Le real est l'autre grande victime de la crise. Il s'est déprécié de 50 % par rapport au dollar depuis son meilleur taux, atteint le 1er août. Sa chute résulte de la forte demande de dollars des entreprises. Elle tient aussi au repli des investisseurs qui, après avoir acheté massivement des produits en real très rentables, les ont vendus tout aussi massivement pour racheter des dollars ou d'autres monnaies au taux plus faible mais dont ils avaient un besoin urgent. L'actuelle turbulence monétaire a plongé dans le désarroi des entreprises très dépendantes de l'exportation. Certaines ont même choisi, comme dans la zone industrielle de Manaus, de mettre quelque 15 000 employés en vacances forcées, en attendant que le taux de change se stabilise.


LES BANQUES SONT SAINES


Pour enrayer la chute de la Bourse et de la monnaie, la banque centrale a injecté des dollars, en ventes directes, ou en opérations "swap". Comme toutes les autres places mondiales, Sao Paulo s'est redressée lundi 13 octobre (+ 14 %) et le dollar a baissé (- 7 %). Face à la raréfaction du crédit, la banque centrale a irrigué le marché et soutenu les banques.
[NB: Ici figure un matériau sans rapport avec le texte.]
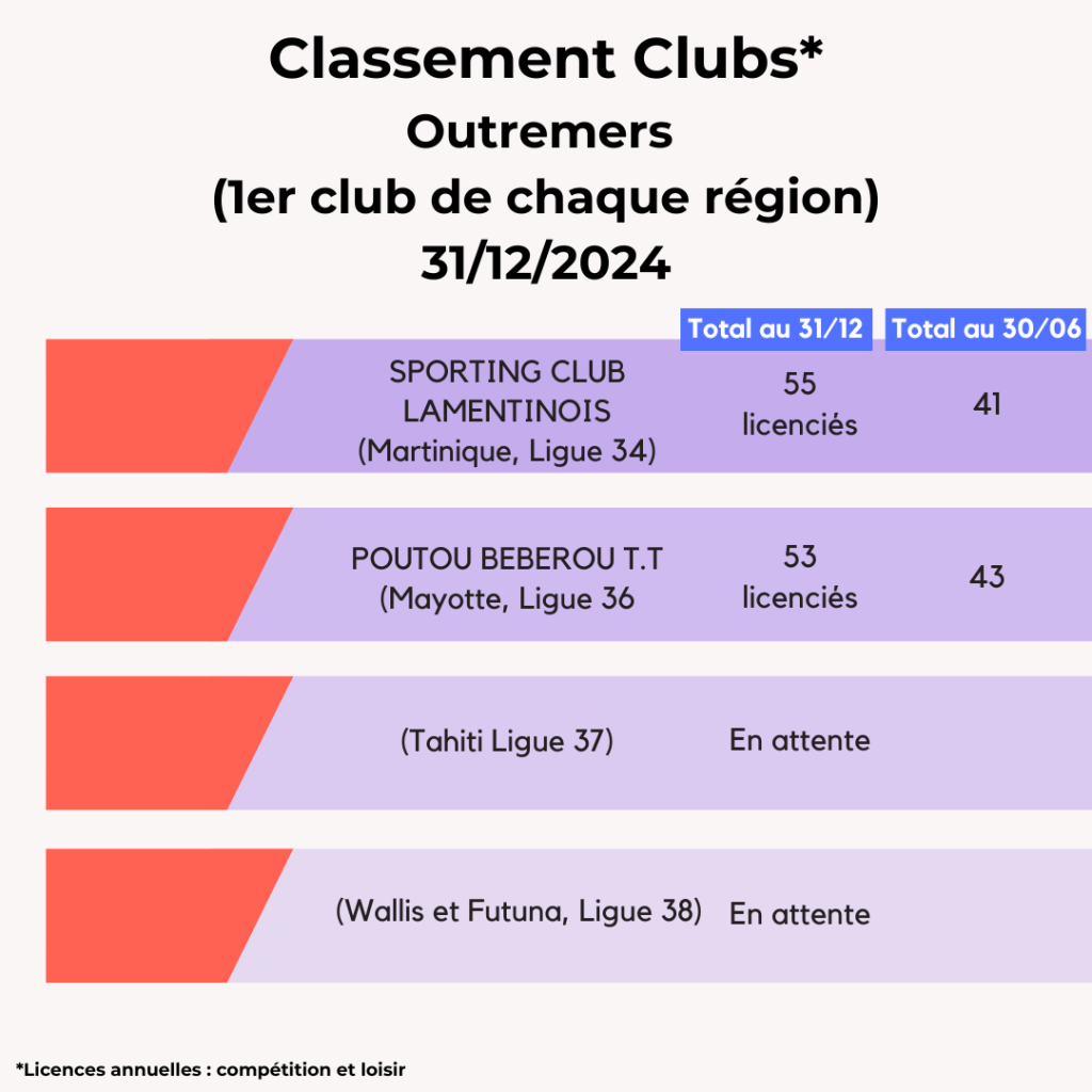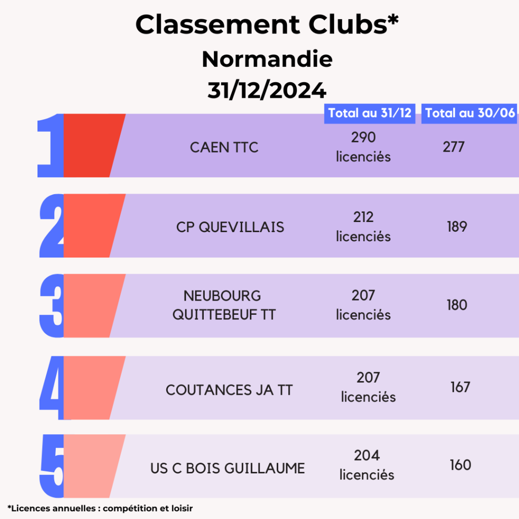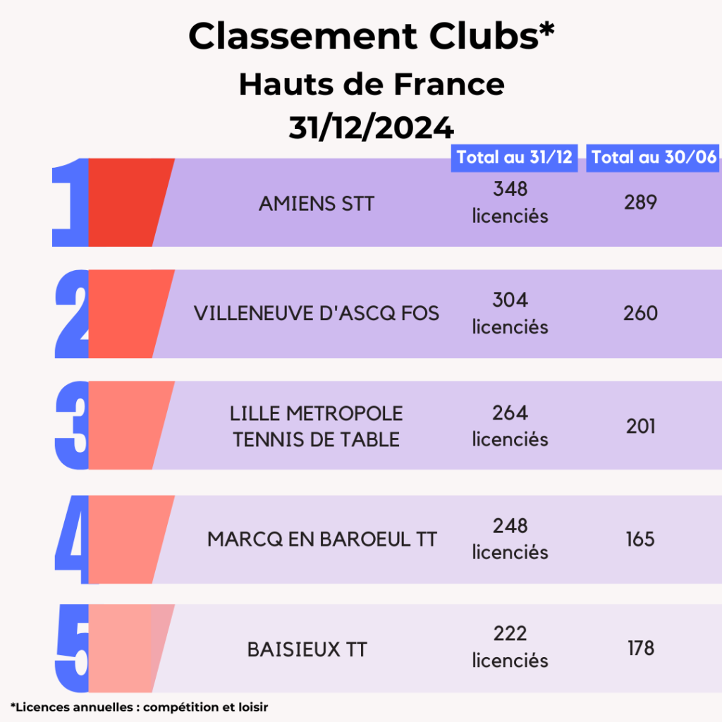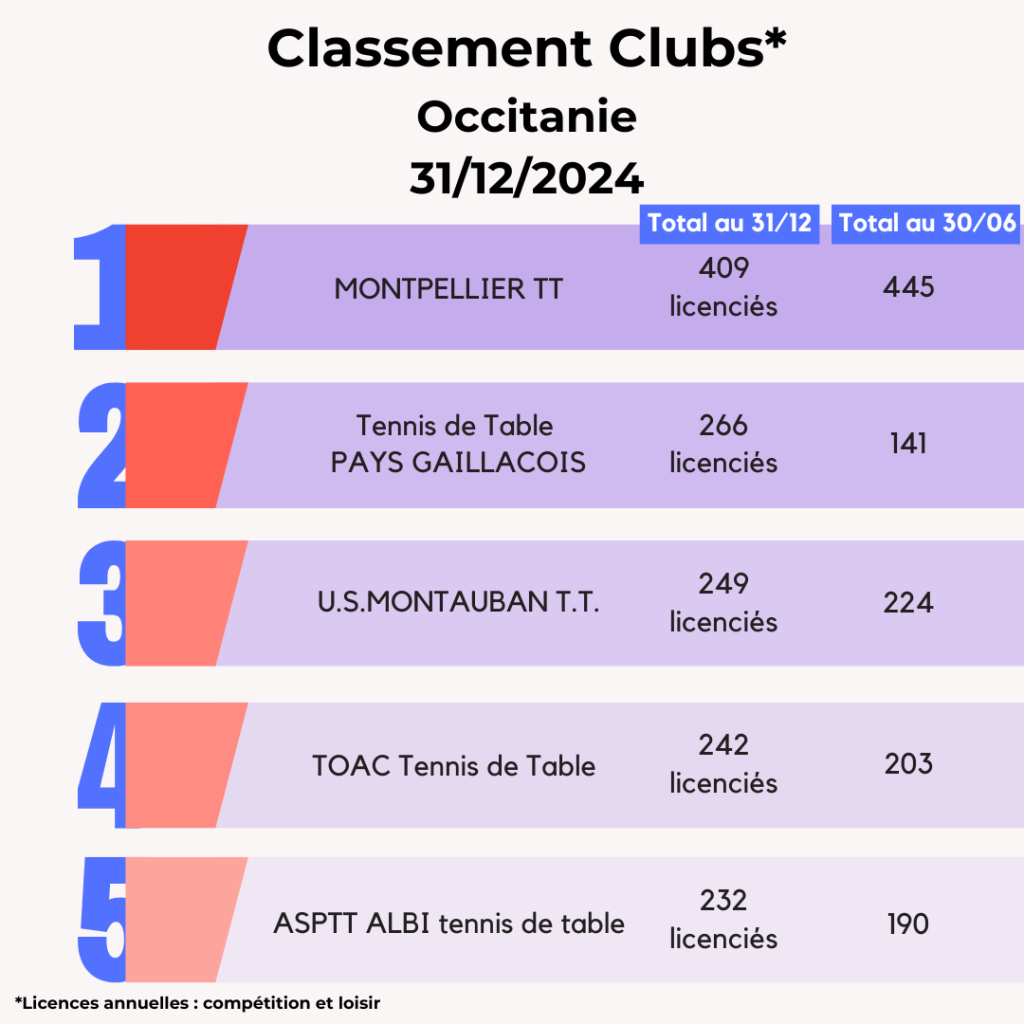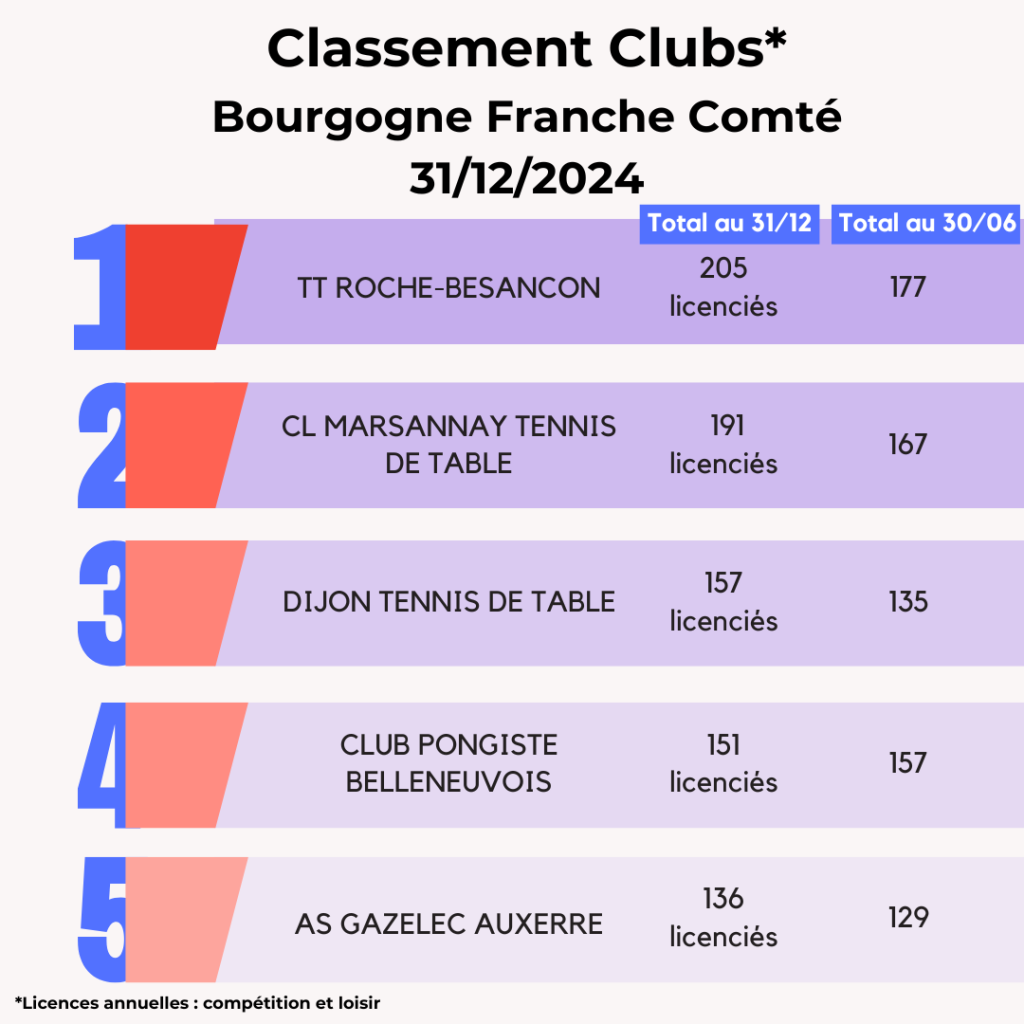 Lors de la saison 2024-2025, la FFTT peut compter sur l’engagement de ses 3 095 clubs affiliés et leurs bénévoles qui œuvrent au quotidien pour faire vivre le ping partout en France et poursuivre son développement. La FFTT souligne aujourd’hui leur dynamique et les félicite par ce Top 20 des clubs par licenciés au 31 décembre avec leur progression par rapport à juin 2024. Découvrez également ci-dessous les tops 5 des clubs par région.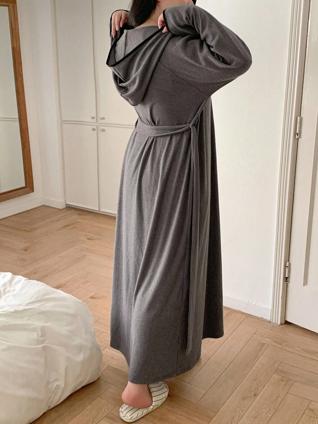 Letter Print Hem Slit Loose Long Dress Nightgown For Women Pajama, Cozy Outfit, Fall & Winter, Moo Moo Night Dress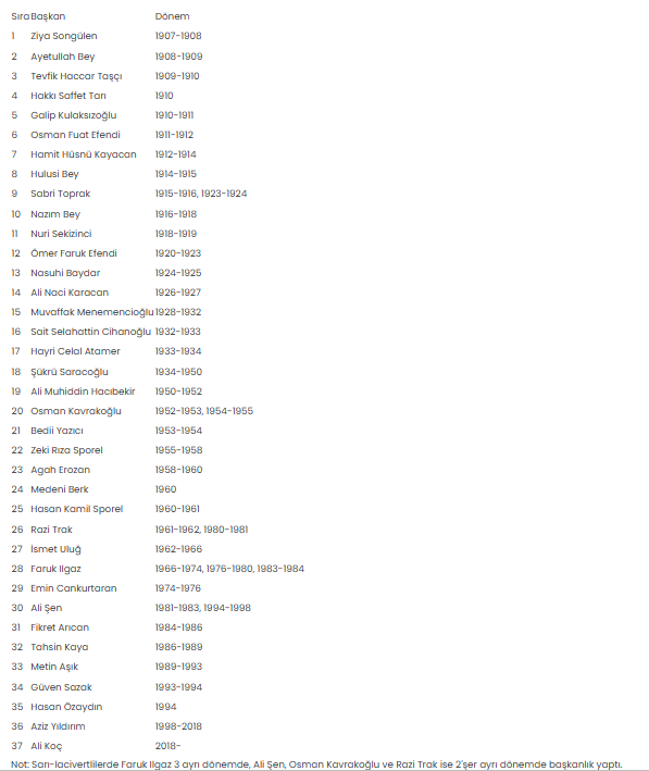 Fenerbahçe Kulübünün tarihinde başkanlık yapanlar ve vazife aldıkları devir şöyle:

Elle a partiellement débloqué les dépôts bancaires obligatoires et promis lundi de continuer à le faire progressivement. Au total, cette mesure équivaudra à l'injection nouvelle de 45 milliards de dollars (33 milliards d'euros). La banque a aussi racheté plusieurs portefeuilles de crédits d'établissements en difficulté et encouragé les grandes banques à "aider" de la même manière les plus faibles.

Il n'empêche : face à la crise, le Brésil est "blindé", comme on dit ici. Les fondamentaux de son économie restent bons. Le gouvernement s'en tient à son orthodoxie budgétaire et monétaire. Rescapées de plusieurs crises antérieures, les banques sont saines et soumises à des règles prudentielles strictes, avec des fonds propres élevés. Depuis que le Brésil est devenu, il y a quelques mois, un pays créditeur en devises, sa dette externe ne s'alourdit plus en proportion du PIB lorsque le dollar se renchérit, mais au contraire s'allège.

Quant à la banque centrale, elle peut intervenir à son aise grâce au confortable coussin de réserves sur lequel elle est assise : 206 milliards de dollars. Voilà pourquoi le président Lula, résolument rassurant, a répété lundi à Madrid que le Brésil n'avait pas besoin de "mesures drastiques" pour affronter la crise.